This really hits below the belt, because I can't afford downpayment and FHA's Mortgage Insurance, and I am looking at walking away from almost $2,000 to leave this house. I'm looking for any possible advice on ways to explain the difference in the money to USDA to let them accept me. If you averaged our two salaries over the past two years, we would be under the limit. If you took away her bonuses
It seems the only way to do this is to cut ties with the girlfriend who I currently share a bank account with, and try again later. This would allow me to possibly keep due diligence and earnest money but I will likely have to do the appraisal and inspection again due to time passed. Plus, I would like to do this as honest as possible.
So, tl;dr
* How can I convince USDA that my barely over income should be accepted
* Should I hold the lender responsible for approving me for USDA, having me spend 500 on appraisal, and then telling me I must do FHA? Im certainly he wont want to give me the money back as he's already payed the appraiser, but I feel this is his fault, not mine. I should have been a bit more informed, but I trusted him to make decsions in all of our best interests, which this clearly is not.

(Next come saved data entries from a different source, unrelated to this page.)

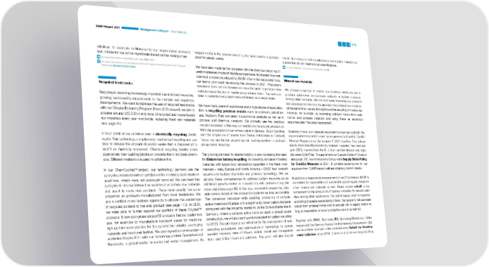BASF Report 2021 Management’s Report – Raw Materials 115 initiatives, for example, in Morocco for our argan-based products, subject matter is the assessment of a joint investment in a pyrolysis metals from scrap of cell manufacturers and battery material pro- and in India for our active ingredients based on the moringa tree. plant for plastic waste. ducers that do not meet product specifications. For more information on biodiversity, see page 138 onward For more information on the circular economy, see page 44 For more information on our voluntary commitment to palm oil products and the Palm Progress We have also made further progress with the chemical recycling of Report, see basf.com/en/palm-dialog used mattresses made of flexible polyurethane. It is based on a wet chemical process developed by BASF. After initial successful trials, Mineral raw materials our teams continued developing the process in 2021. Precursors Recycled feedstocks recovered from old mattresses can now be used to produce new We procure a number of mineral raw materials, which we use to mattress-sized blocks of flexible polyurethane foam. The new pro- produce automotive and process catalysts or battery materials, Recycling is becoming increasingly important due to limited resources, cess is currently being optimized and tested on a larger scale. among other products. We are continually improving our products growing sustainability requirements in the markets and regulatory and processes to minimize the use of primary mineral raw materials. developments. We want to increase the use of recycled feedstocks We have many years of experience and a high degree of specializa- At the same time, we are driving forward the recycling of mineral raw with our Circular Economy Program: From 2025 onward, we aim to tion in recycling precious metals such as platinum, palladium materials, for example, by recovering platinum metals from auto- process around 250,000 metric tons of recycled and waste-based and rhodium. They are used in automotive catalysts as well as in motive and process catalysts and using these as secondary raw materials every year worldwide, replacing fossil raw materials process and chemical catalysts. We primarily use the precious resources (see “Recycled feedstocks”). (see page 44). metals recovered in this way as feedstocks in catalyst production. With the expansion of our refinery plant in Seneca, South Carolina, Sourcing mineral raw materials responsibly is important to BASF. We A focal point of our activities here is chemically recycling plastic and the acquisition of assets from Zodiac Enterprises in Caldwell, implemented measures to meet the requirements of the E.U. Conflict waste. This technology complements mechanical recycling and can Texas, we are further expanding our leading position in platinum Minerals Regulation by the January 1, 2021 deadline. This defines help to reduce the amount of plastic waste that is disposed of in group metal recycling. supply chain due diligence for tin, tantalum, tungsten, their ores and landfill or thermally recovered. Chemical recycling breaks down gold (3TG) imported into the E.U. from conflict-affected and high- plastics into their building blocks or converts them into basic chemi- The growing demand for electromobility is also increasing the need risk areas (CAHRAs). To supplement our Supplier Code of Conduct cals. Different methods are used to achieve this. for lithium-ion battery recycling. As a leading producer of battery (see page 109), we introduced a Group-wide Supply Chain Policy materials with future local production capacities in the three main for Conflict Minerals in 2021. It contains expectations for our TM project, our technology partners use the In our ChemCycling markets – Asia, Europe and North America – BASF has in-depth suppliers from CAHRAs and outlines voluntary commitments. pyrolysis process to extract pyrolysis oil from mixed plastic waste or expertise in battery chemistry and process technology. We are used tires, which were not previously recycled. We can feed this utilizing these competencies to address battery recycling as an In addition to responsible procurement of the 3TG minerals, BASF is pyrolysis oil into our Verbund as an alternative to fossil raw materials additional growth market in cooperation with partners along the committed to responsible and sustainable global supply chains for and use it to make new products. These have exactly the same value chain (see page 30). In this way, we want to ensure that valu- other mineral raw materials as well. These include cobalt, a key properties as products manufactured from fossil feedstocks. We able metals remain in the production cycle for as long as possible. component in the production of battery materials for electric vehi- use a certified mass balance approach to allocate the percentage This conserves resources while enabling production of cathode cles, among other applications. Our cobalt supply chain is organized of recycled content to the end product (see page 113). In 2021, active materials in Europe with a significantly lower carbon footprint according to special sustainability criteria. Our goal is to not purchase TM we were able to further expand our portfolio of these Ccycled compared with the industrial standard. At the Schwarzheide site in cobalt from artisanal mines and to exclude this in supply chains as products. It now comprises around 50 products that our customers Germany, where a cathode active materials plant is already under long as responsible artisanal production cannot be verified. use, for example to manufacture transport cases for medicine, construction, we will also build a prototype plant for battery recycling high-performance plastics for the automotive industry, packaging by 2023. The prototype plant will allow for the development of new Together with BMW, Samsung SDI, Samsung Electronics, Volks- materials and functional textiles. We also signed a 
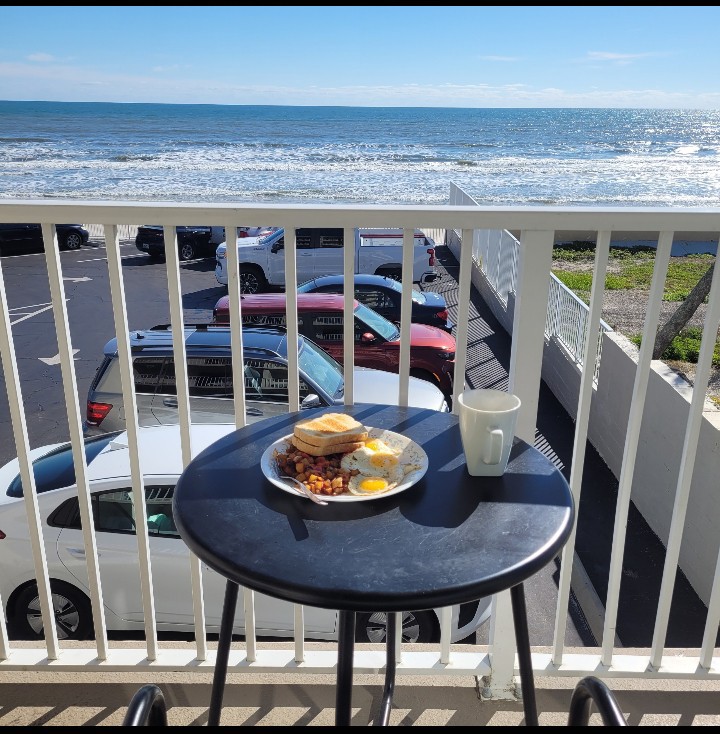 Charming and stylish studio, Queen size bed. 2 burner kitchenette. Spacious bathroom with supplies. This location is on Daytona beach, close to Ormond Beach. Near by is fabulous shopping, dining, and entertainment. The Studio faces the ocean. This is a direct ocean front studio. Indoor & outdoor north pool are currently open. Sauna and gym are open. We have beach access to the north side of the building via the public access ramp. Temp parking is next door, south side behind white fence.
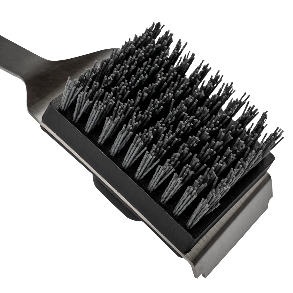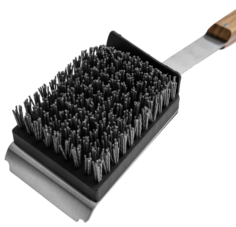 Presentamos una forma más segura de limpiar las parrillas en frío. El cepillo de limpieza para barbacoas de la marca Traeger cuenta con cerdas de nylon que no dañarán sus parrillas ni acabarán en su hamburguesa.
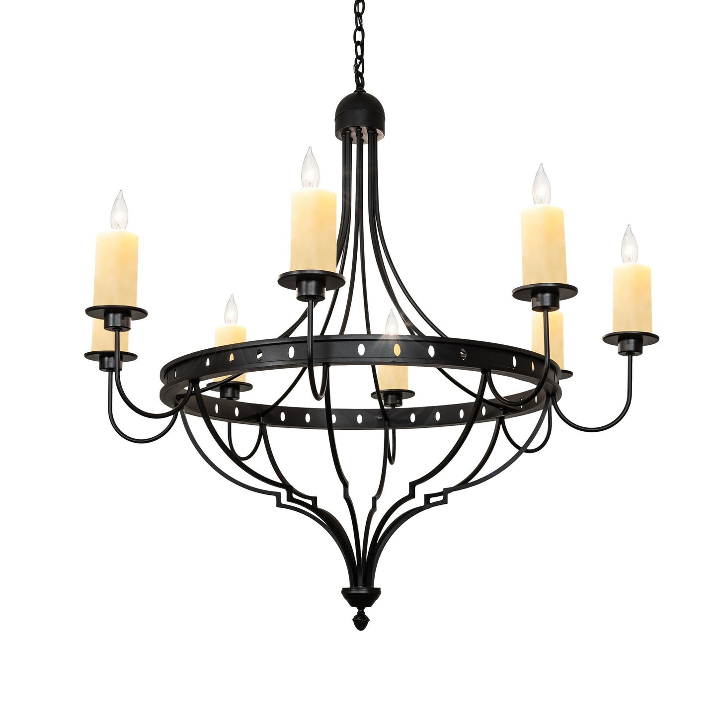 An elegant statement piece of distinction. The Botticini Chandelier features 8 Ivory faux candlelights aligned around the pierced metal ring which is hand finished in Textured Black. The overall height ranges from 53 to 292 inches as the chain length can be easily adjusted in the field to accommodate your specific lighting application needs. Handcrafted by highly skilled artisans in our 180;000 square manufacturing facility in Yorkville; New York. Candlelight colors; metal finishes and fixtures sizes can be customized to meet your needs. UL and cUL listed for damp and dry locations.
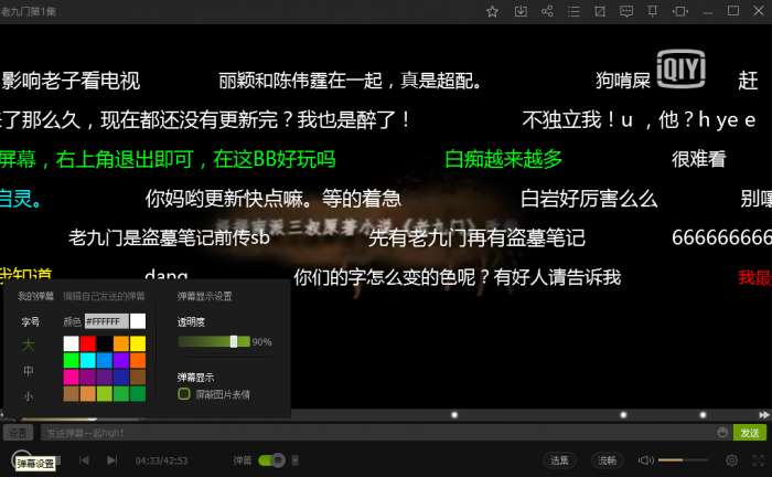 第三步:您也可以发表弹幕哦,还可以设置弹幕文字颜色和大小哦(如下图)。
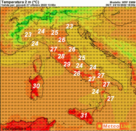 Tra giovedi 27 e venerdi 28 ottobre sarà praticamente estate su diverse regioni con temperature massime che in alcuni casi potrebbero raggiungere i 30°, un’anomalia assurda che surclasserà la parte finale del mese statisticamente più piovoso dell’anno.
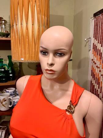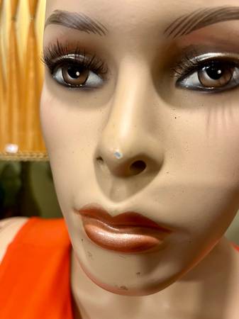 Perfect for a fun home decor, or a Halloween setup. She probably was a lingerie model setup. Has original stand. 6feet tall. Unit is mostly solid standing but does have a slight tip. Just wouldn’t be messing with it once setup.
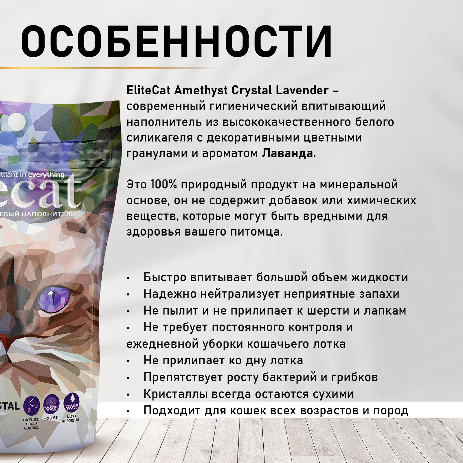 СохранитьELITECAT Наполнитель впитывающий силикагель "Crystal Lavender", 3.8л интересное:

I think the only choice is FHA or Conventional.
are there any babies in the equation? USDA allows child care deductions.
If not, make one!
Even if you eliminated the G/F from the note, what does that do for you to qualify on your own?
You will be under the limit, but what about home puchase price? What about your DTI? Have to consider what happens when you take G/F income out of the equation.

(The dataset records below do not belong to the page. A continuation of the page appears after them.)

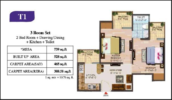 2 BHK | 739 Sq.ft. (Built Up) |
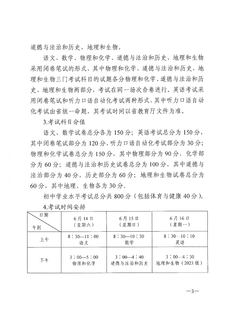 2025年江苏南通中考时间表、科目、总分及各科分值
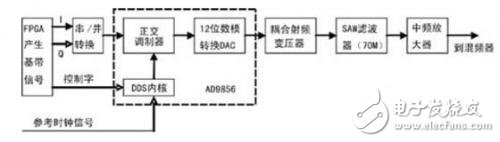 从图2可以看到,在FPGA内进行编码调制,产生的I/Q两路信号经由串并转换后送入AD9856 中,在AD9856内部有一个DDS内核,通过FPGA控制产生正交本振信号送入正交调制器,每路通过2级分别与I/Q信号相乘之后相加,产生正交调制信 号,而具体的调制模式可以通过FPGA的基带信号编码映射设计,最后通过12位DAC变为正交调制的模拟差分信号输出,接着用耦合射频变压器将输出的差分 信号转换为单端信号,经由70MHz的SAW滤波器滤波,最后选用中频放大器进行信号放大,就可送入混频器进行混频了。
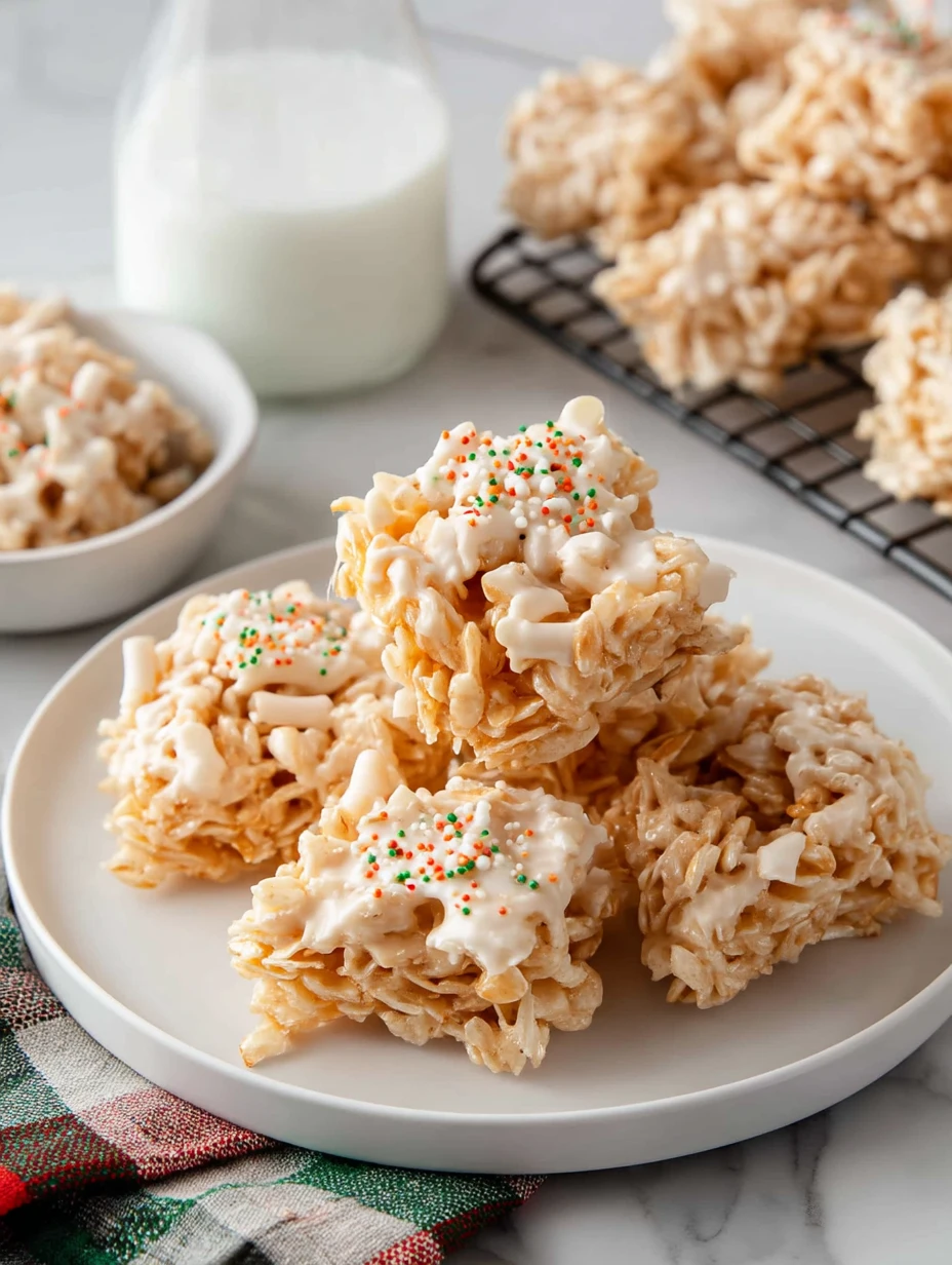 White Chocolate Haystacks are one of those nostalgic little treats I come back to every holiday season because they deliver so much charm with almost no effort. I love the way the creamy white chocolate wraps around the crunchy chow mein noodles and roasted peanuts, creating sweet-and-salty clusters that look festive the second I add a shower of red, green, and white sprinkles.
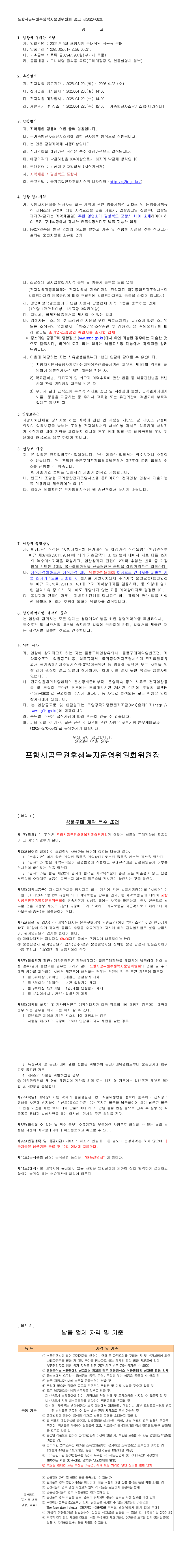 2026년 5월 포항시청 구내식당 식육류 구매 |
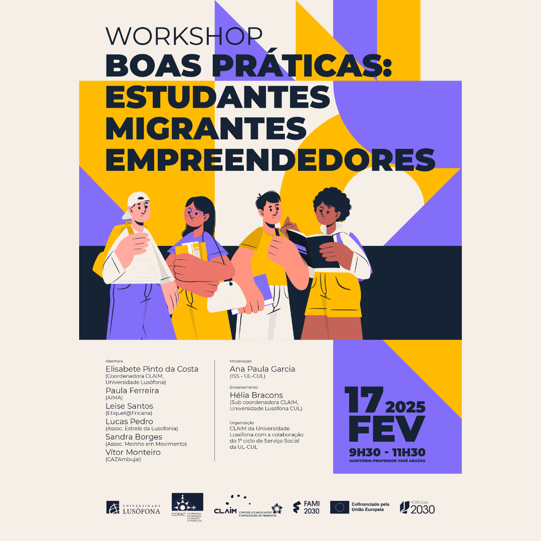 A Universidade Lusófona, através do Centro Local de Apoio à Integração de Migrantes (CLAIM), promove o workshop gratuito "Boas Práticas: Estudantes Migrantes Empreendedores" no dia 17 de fevereiro de 2025, no Auditório Professor José Araújo, Centro Universitário Lisboa. Este evento procura destacar as experiências de estudantes e ex-estudantes da Universidade Lusófona que se têm destacado no empreendedorismo, partilhando os desafios e sucessos que viveram enquanto migrantes.

Being honest usually is always the better way to go with taking G/F off the loan, but such is life that G/F's and B/F's break up all the time and get back together.

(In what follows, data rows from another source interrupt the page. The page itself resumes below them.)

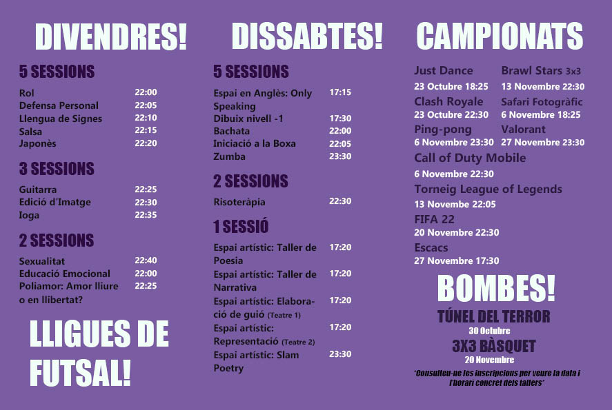 Els dimarts i divendres l’alumnat de 3r d’ESO podrà participar en una lliga de voleyball a la pista número 3 (la petita de baix). Per últim, l’alumnat de 4t d’ESO podrà participar, més endavant, en un torneig de ping pong. Aquesta activitat resta a l’espera que es canviin les taules de ping pong.
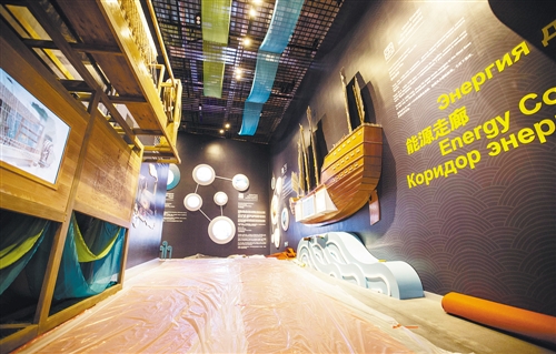 這是6月7日在哈薩克斯坦阿斯塔納專項(xiàng)世博會(huì)中國(guó)館內(nèi)拍攝的“能源走廊”展區(qū)。 本屆世博會(huì)中國(guó)館圍繞“未來(lái)能源 綠色絲路”主題,通過(guò)實(shí)物模型、電子和機(jī)械沙盤、多媒體裝置、虛擬現(xiàn)實(shí)技術(shù)、3D弧幕電影等方式,全面介紹了中國(guó)在能源開(kāi)發(fā)與利用進(jìn)程中的代表性成果。 (新華社發(fā))
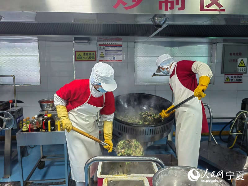 吳忠市利通區利盛實業有限公司菜品炒制區。人民網 李甜甜攝
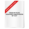 Commemorate the 11th year of fiestas on the beach with the limited edition Crash My Playa 2026 Lineup Poster. This 18" x 24" one-of-a-kind poster features the 2026 lineup, and all posters include a complimentary poster tube for transport to get it home safe.

@JM-AM wrote:Even if you eliminated the G/F from the note, what does that do for you to qualify on your own?
You will be under the limit, but what about home puchase price? What about your DTI? Have to consider what happens when you take G/F income out of the equation.
Being honest usually is always the better way to go with taking G/F off the loan, but such is life that G/F's and B/F's break up all the time and get back together.
I meet all the requirements on my own. It wasnt until late in the game that they added her w2 which pushed us over. She is not included in the loan, but since we have a joint account, they concider her part of the household. I want to be honest about this as well, I'm just looking at a serious financial difference between these options.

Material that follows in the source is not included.